El siete de octubre fue hallado a treinta metros de las vías del tren, en unos matorrales lindantes con unos campos de béisbol, el cuerpo de una mujer de edad comprendida entre los catorce y los diecisiete años. El cuerpo presentaba señales claras de tortura, con múltiples hematomas en brazos, tórax y piernas, así como heridas punzantes de arma blanca (un policía se entretuvo en contarlas y se aburrió al llegar a la herida número treintaicinco), ninguna de las cuales, sin embargo, dañó o penetró ningún órgano vital. La víctima carecía de papeles que facilitaran su identificación. Según el forense la causa de la muerte fue estrangulamiento. El pezón del pecho izquierdo presentaba señales de mordeduras y estaba medio arrancado, sosteniéndose tan sólo por algunos cartílagos. Otro dato facilitado por el forense: la víctima tenía una pierna más corta que otra, lo que en principio se pensó facilitaría su identificación, algo que a la postre resultó infundado, pues de las desapariciones denunciadas en las comisarías de Santa Teresa ninguna correspondía a tales características. El día del hallazgo del cuerpo, encontrado por un grupo de adolescentes jugadores de béisbol, se presentaron en el lugar de los hechos Epifanio y Lalo Cura.
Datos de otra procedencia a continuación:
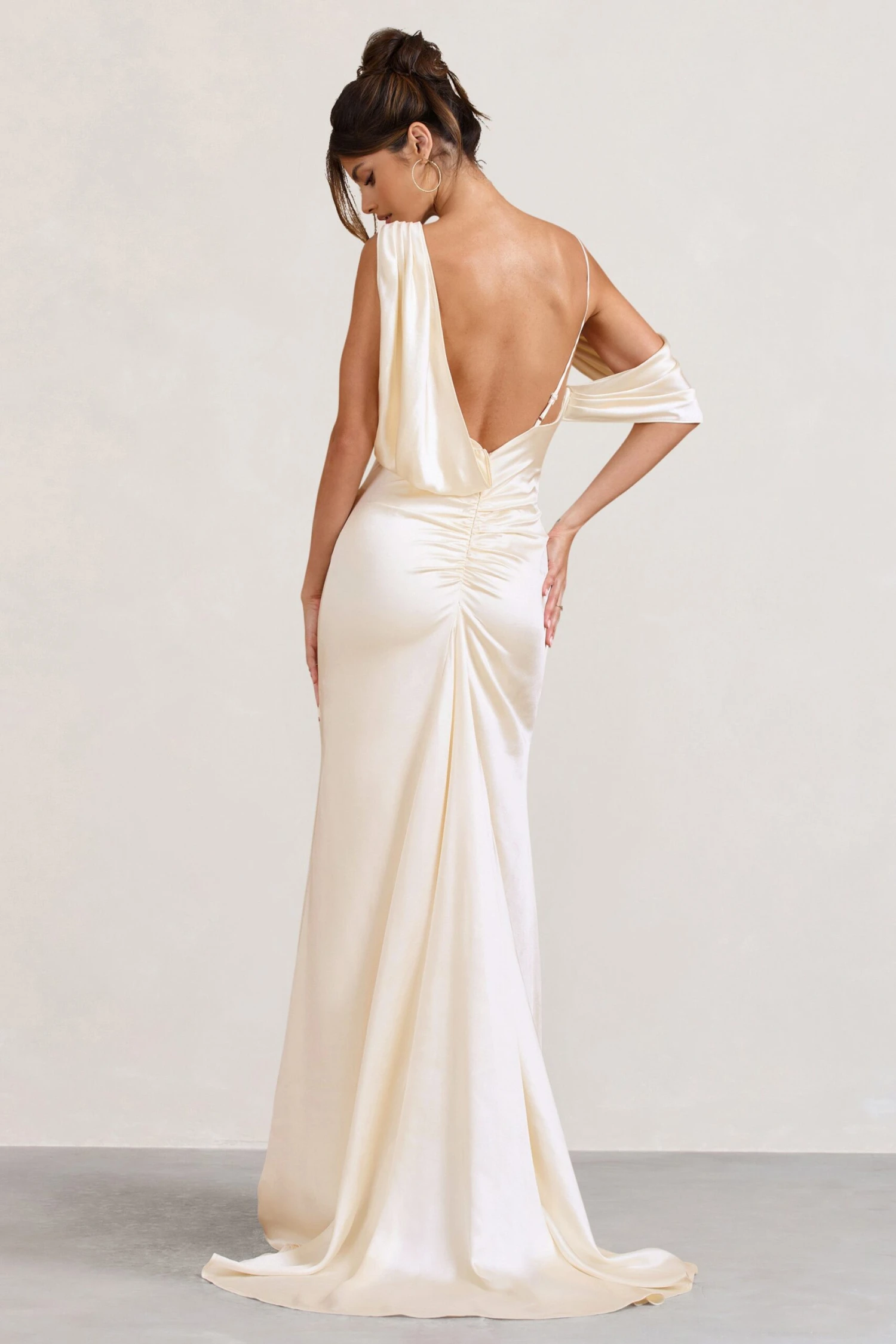 Whether you’re attending a wedding or a black tie event, make a memorable entrance in our Jayne maxi dress. This floor-sweeper is cut from luxurious cream satin in an asymmetric silhouette that feels classic yet contemporary. Finished with a thigh high split, this draped maxi dress would look especially elegant with tousled hair and strappy stilettos.
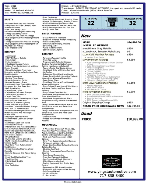 Excellent Condition All Wheel Drive BMW X1. Highly Optioned with Premium, Cold Weather, Driver Assistance & NAV Business Packages & Much More. Well Maintained with 36 Service Records. 10/26
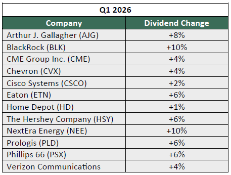 Dividend announcements among Alley Company Dividend Portfolio holdings during the calendar year are below:
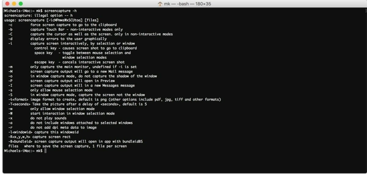 As you can see, there are a lot of choices at your disposal if you choose to go the command line route. I have never used “screencapture,” but it’s good to know it is there, in case I ever need it.
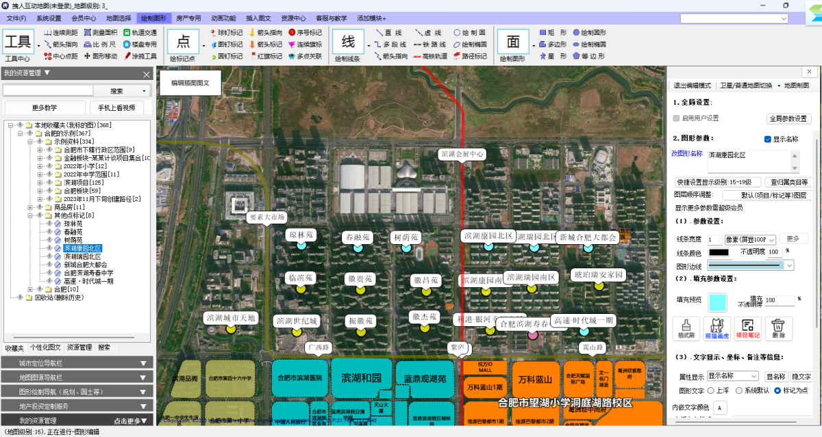 (2)地图绘制功能:包括点编辑、线编辑、面编辑。 其中点标记包括,球钉标记、图钉标记、圆钉标记、旗帜标记、箭头标记、红旗标记、序号标记、连续符号标记、多点关联标记等 其中绘制线条又包括,直线、虚线、园、椭圆、多段线、铁路线、绘制椭圆、绘制箭头指向、绘制高铁线路、路径沿点标记等 其中绘制图形包括矩形,多边形、星形状(如五角星、六角形等)、绘制圆形、绘制椭圆、绘制等边形(墨卡托地图平面像素等边)等
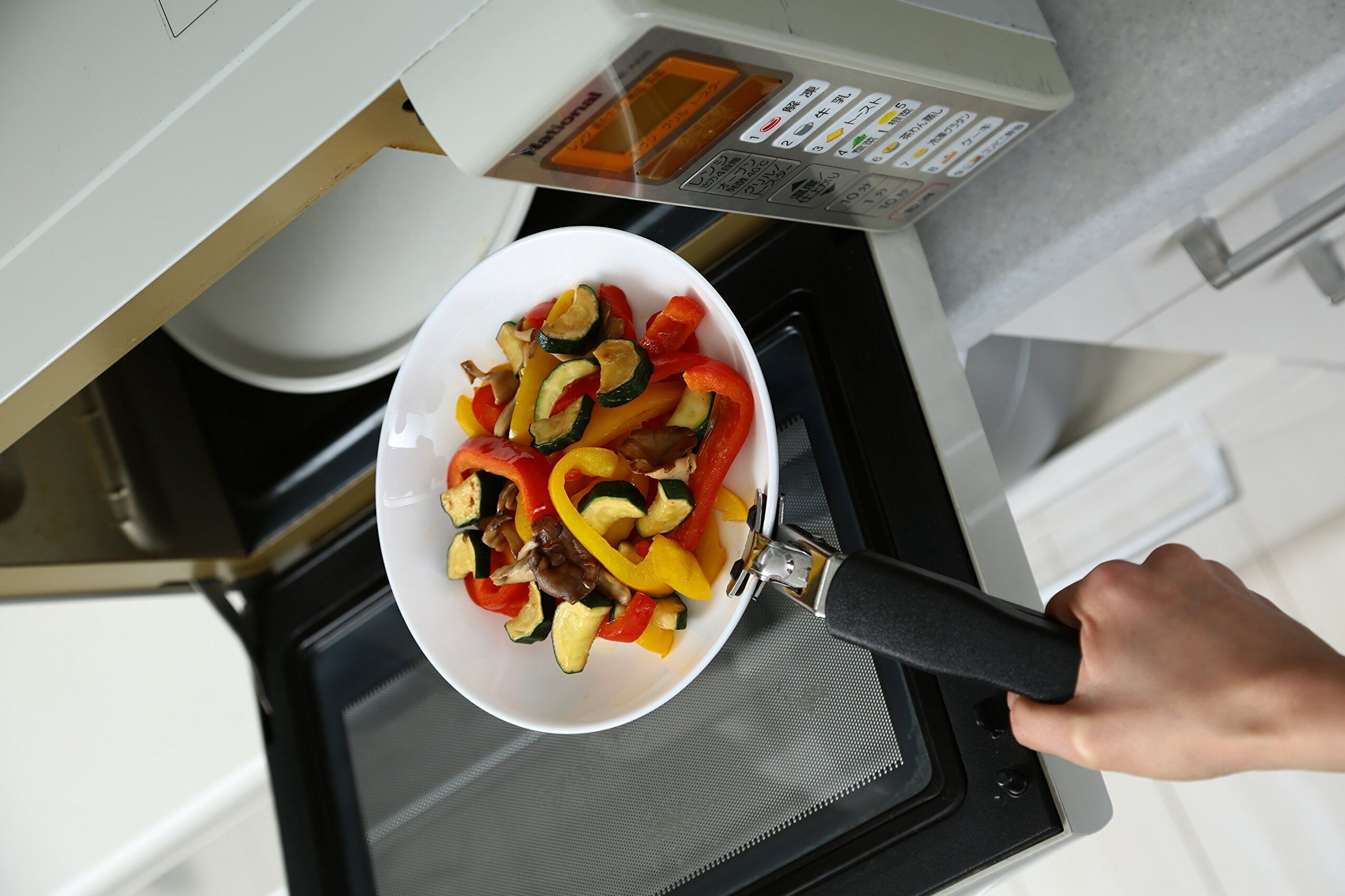 フライパンや鍋だけでなく、オーブンや電子レンジで加熱した熱いお皿の取り出しも可能

El sitio estaba lleno de policías. Había algunos judiciales, algunos municipales, miembros de la policía científica, la Cruz Roja y periodistas. Epifanio y Lalo Cura se pasearon por el lugar hasta llegar al sitio exacto donde aún yacía el cadáver. No era baja. Medía por lo menos un metro sesentaiocho. Estaba desnuda a excepción de una blusa blanca llena de manchas de sangre y de tierra y un sostén blanco. Cuando se alejaron de allí Epifanio le preguntó a Lalo Cura qué le había parecido. ¿La muerta?, dijo Lalo. No, el lugar del crimen, dijo Epifanio encendiendo un cigarrillo. No hay lugar del crimen, dijo Lalo. Lo han limpiado a conciencia. Epifanio puso el coche en marcha.